** About this exercise **
What is needed is an exact repetition of the lines below, from the first one through the one holding "تداول عدد من", with no pictures and nothing else.

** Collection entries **

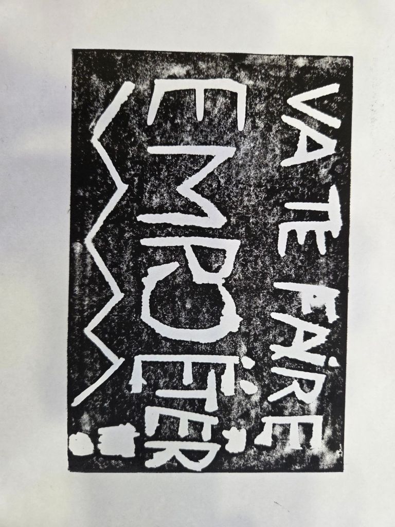 Après un tour de table où chacun était invité à donner sa définition de la poésie, les convives ont pratiqué des jeux poétiques comme celui du cadavre exquis. Place ensuite à la gravure sur linoléum, permettant une impression sur papier, avec un rendu très satisfaisant. Cela m’a donné envie d’en refaire, et pourquoi pas de tester avec mes élèves, car le procédé est assez simple, pour un résultat assez sympa.
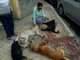 تداول عدد من رواد مواقع التواصل الاجتماعي صورا لبعض الكلاب الضالة مقتولة بطريقة وحشية في منطقة الأزاريطة بمحافظة الإسكندرية.
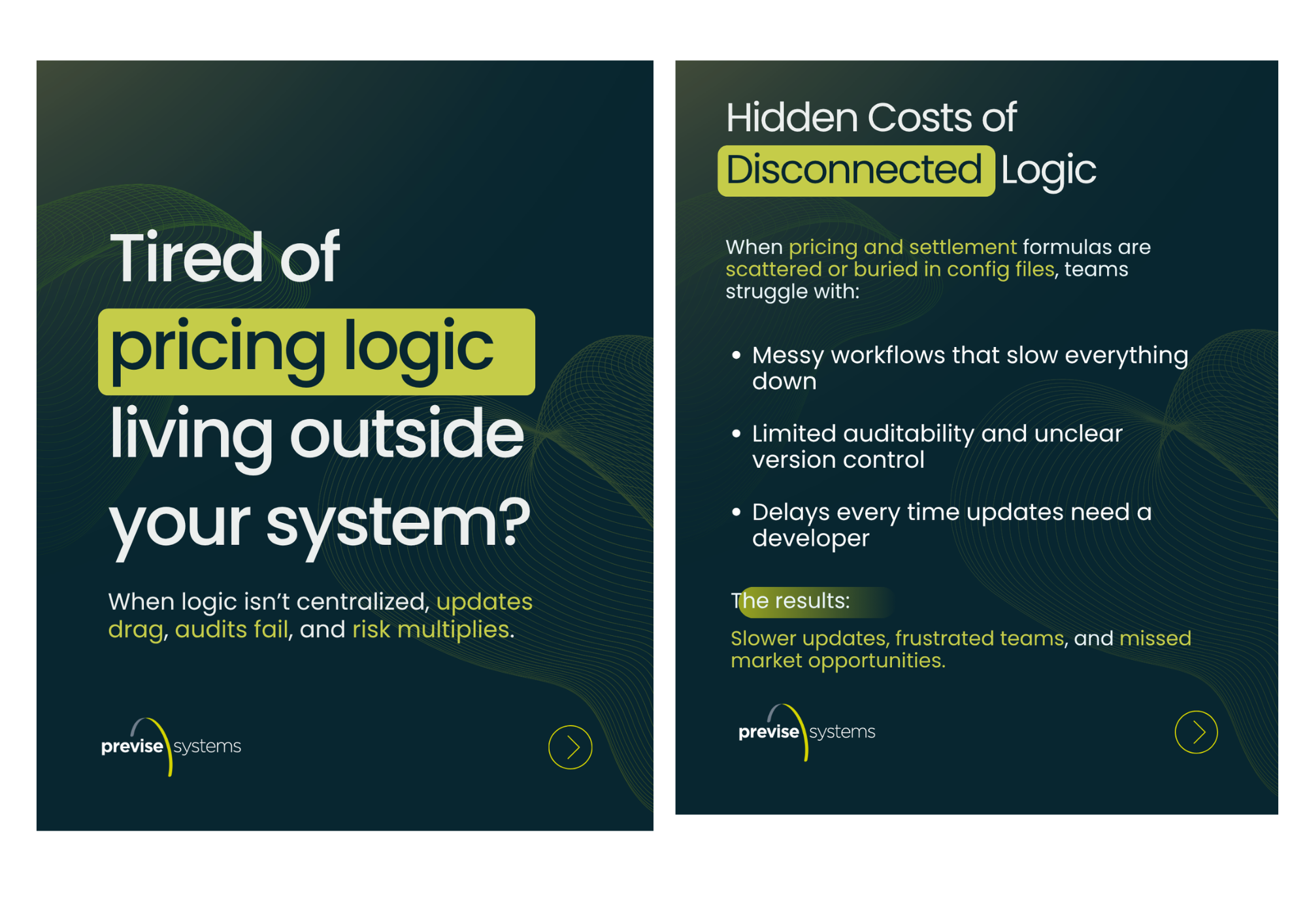 Now, your teams can model complex contract structures, test formulas with live market data, and deploy updates instantly - all without relying on technical resources. The result is pricing logic that’s transparent, flexible, and fully embedded in your workflow, helping your business scale with confidence and agility.
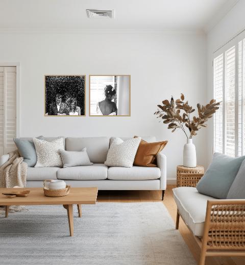 Choose from a wide range of gallery wall configurations in crisp white, matt black or beautiful oak frames. Upload your photographs and instantly see them in the context of a room.
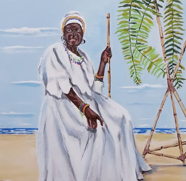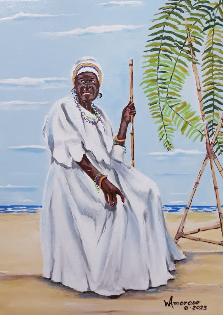 A obra de arte que retrata uma Mãe de Santo mergulha na profundidade de uma espiritualidade rica e ancestral. Sua presença transmite a sabedoria adquirida através de gerações, a ligação com os orixás e a habilidade de curar e aconselhar. É uma homenagem àqueles que mantêm viva a chama da fé, mantendo as tradições africanas vivas em solo brasileiro e cubano.
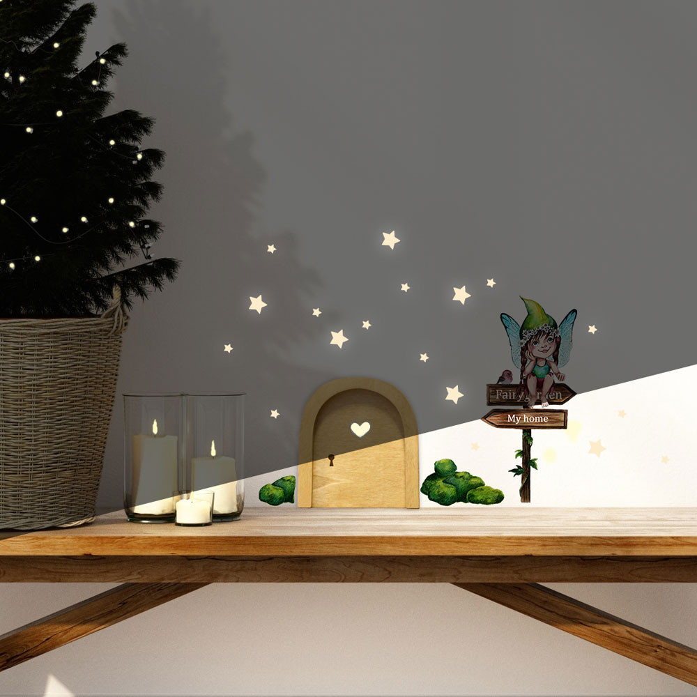 Elfentür Wichteltür Feentür Wandtattoo kleine Fee Elfe auf Schild mit Mooshügeln + Leuchtsticker e34
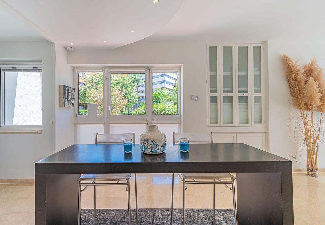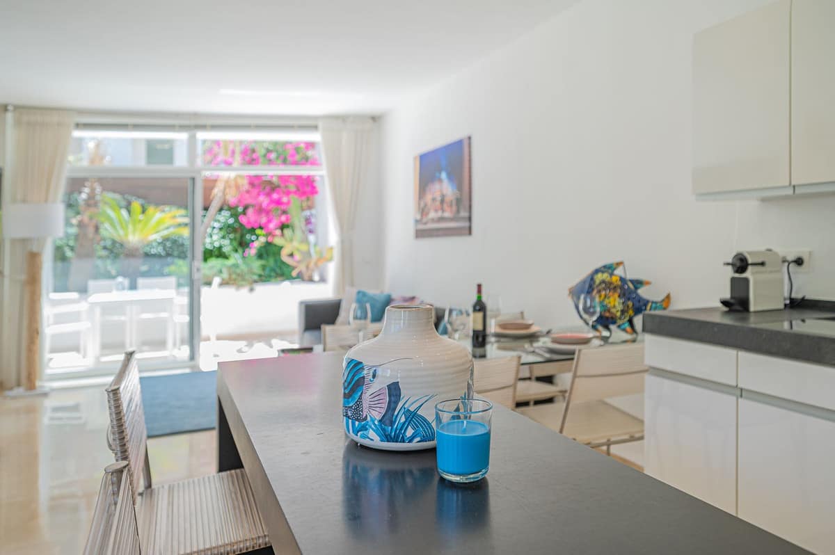 Beautiful one bedroom apartment in Alhambra del Mar on the Golden Mile of Marbella only 100m from the beach promenade and close to all amenities. The apartment consists of a spacious living-dining space with open American kitchen and direct access to a nice terrace with lovely views to the tropical garden of the complex. Furthermore there is a good size bedroom with bathroom and a small dressing area en suite. It is surrounded by the lush gardens and fountains of the Alhambra del Mar urbanization which evoke a permanent feeling of holidays and breathing space. With all amenities at hand and just a few metres from the beach, Capuccino and at walking distance to Marbella centre, the apartment offers an excellent location and a rare opportunity to live by the sea. Includes a good sized storage in the basement.
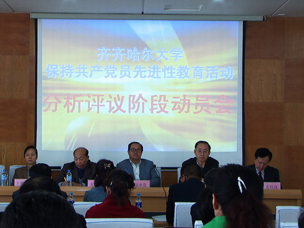 10月11日,校党委在西区学术报告厅召开了全校保持共产党员先进性教育活动分析评议阶段动员大会,校党委书记陈承贵、校长唱江华、党委副书记史铁成、王凤琴、副校长姜守训、张忠恒、郑喜群、邓启刚、工会主席吕晓辉以及市委督导组成员出席了会议,校先进性教育活动领导小组办公室成员及各基层党组织先进性教育活动领导小组组长、领导小组办公室主任参加了会议,会议由校长唱江华主持。
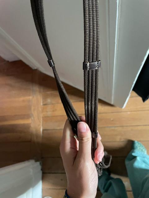 Filet vendu avec des rênes en tissu.
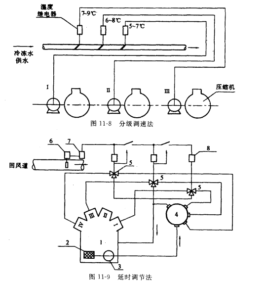 ①分級調節法。分級調節法就是將被控參數(冷凍水出口溫度,制冷壓縮機的吸氣壓力等),分為若干級,每級裝一個溫度繼電器或壓力繼電器整定各自不同的給定值,以便控制各臺壓縮機或各個氣缸的啟停。圖11-8為三臺同型號的制冷壓縮機,負責供應5~9℃的冷凍水,采用分級調節 ,在冷凍水總出水管上裝三個幅差為2℃的溫度繼電器,其整定值分別調至 5℃、6℃和7℃ ,這樣,當冷凍水溫達到5℃時,三臺制冷壓縮機全部停止運行 ,當冷凍水溫達到9℃時,三臺制冷壓縮機全部投入工作。
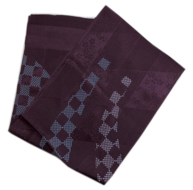 帯揚げ 帯上げ 正絹 濃紫色地桜地模様地市松ライン 着物 訪問着 色無地 小紋 フォーマル カジュアル 帯あげ きもの シルク 女性用
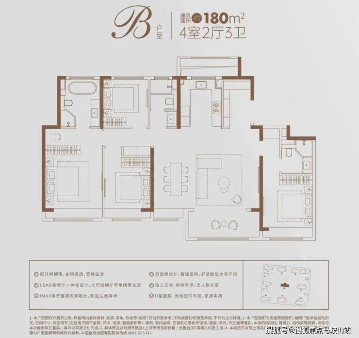 五开间朝南的全明通透,四房两厅三卫,南向大开间,整体的采光度、尺度感堪比别墅;双主卧设计,LDKB客餐厅一体化设计,大尺度横厅尽享阔景生活;动线合理的基础之上,户型格局方正;双套房+独立玄关,尽享大平层的归家仪式感!
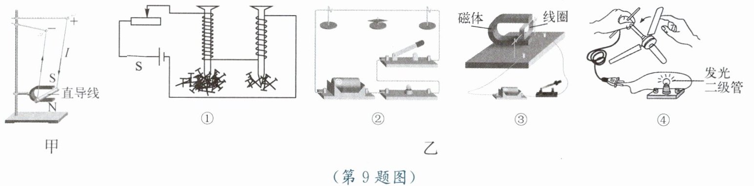 9. 如图甲所示,给直导线(铝棒)通电,直导线会运动。图乙四个现象的实验结论能解释直导线运动原因的是 (
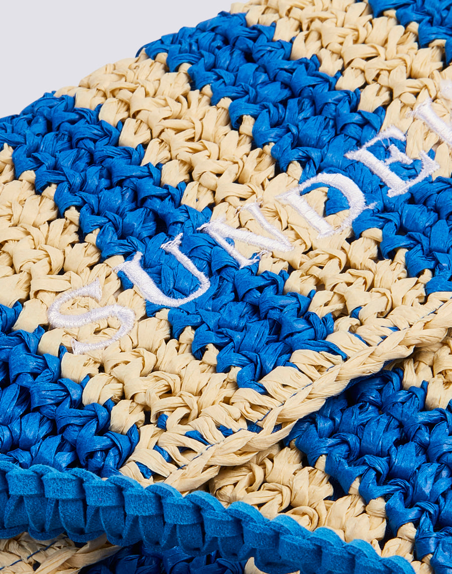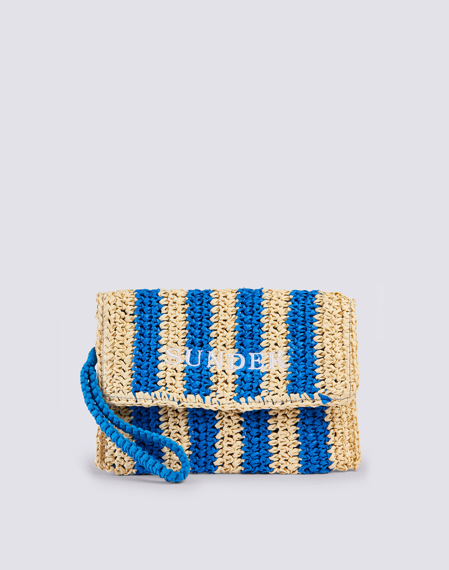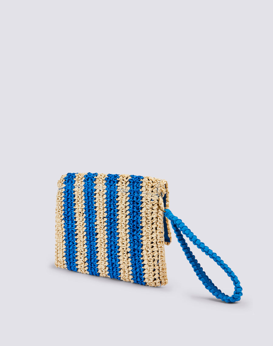 Bolso de mano Izumi de papel efecto paja con estampado de rayas. Equipado con un asa de mano, es cómodo de llevar gracias a su pequeño tamaño. El estampado de rayas lo hace alegre y original.
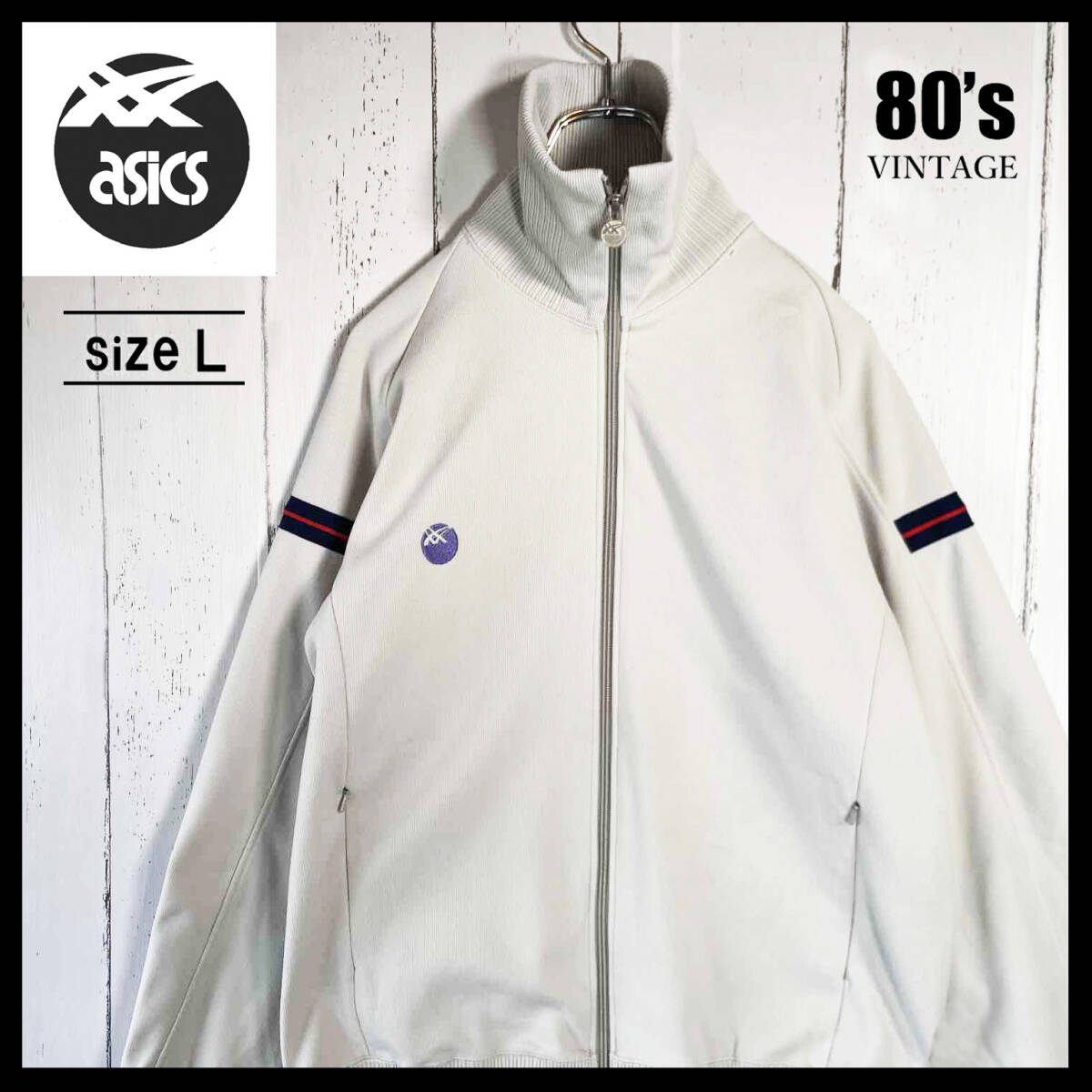 > 【USED】 アシックス asics ビンテージ トラックジャケット ジャージ 刺繍ロゴ 80s 古着 日本製 Lサイズ アイボリー ☆送料無料☆
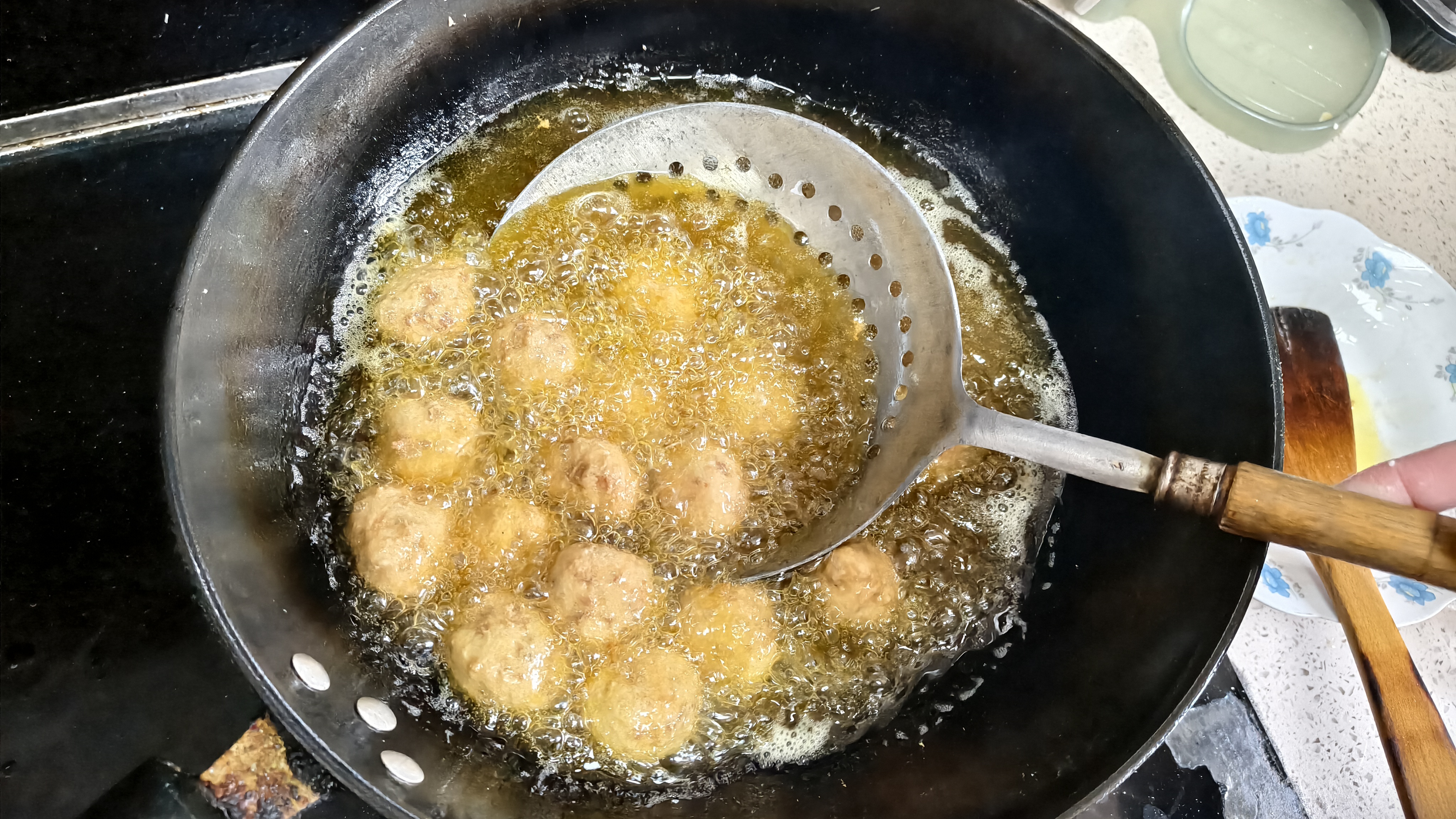 炸肉丸,炸油豆腐,年越来越近,灶台上升腾们的年味也越来越浓了。

** Response area **
 Après un tour de table où chacun était invité à donner sa définition de la poésie, les convives ont pratiqué des jeux poétiques comme celui du cadavre exquis. Place ensuite à la gravure sur linoléum, permettant une impression sur papier, avec un rendu très satisfaisant. Cela m’a donné envie d’en refaire, et pourquoi pas de tester avec mes élèves, car le procédé est assez simple, pour un résultat assez sympa.
 تداول عدد من رواد مواقع التواصل الاجتماعي صورا لبعض الكلاب الضالة مقتولة بطريقة وحشية في منطقة الأزاريطة بمحافظة الإسكندرية.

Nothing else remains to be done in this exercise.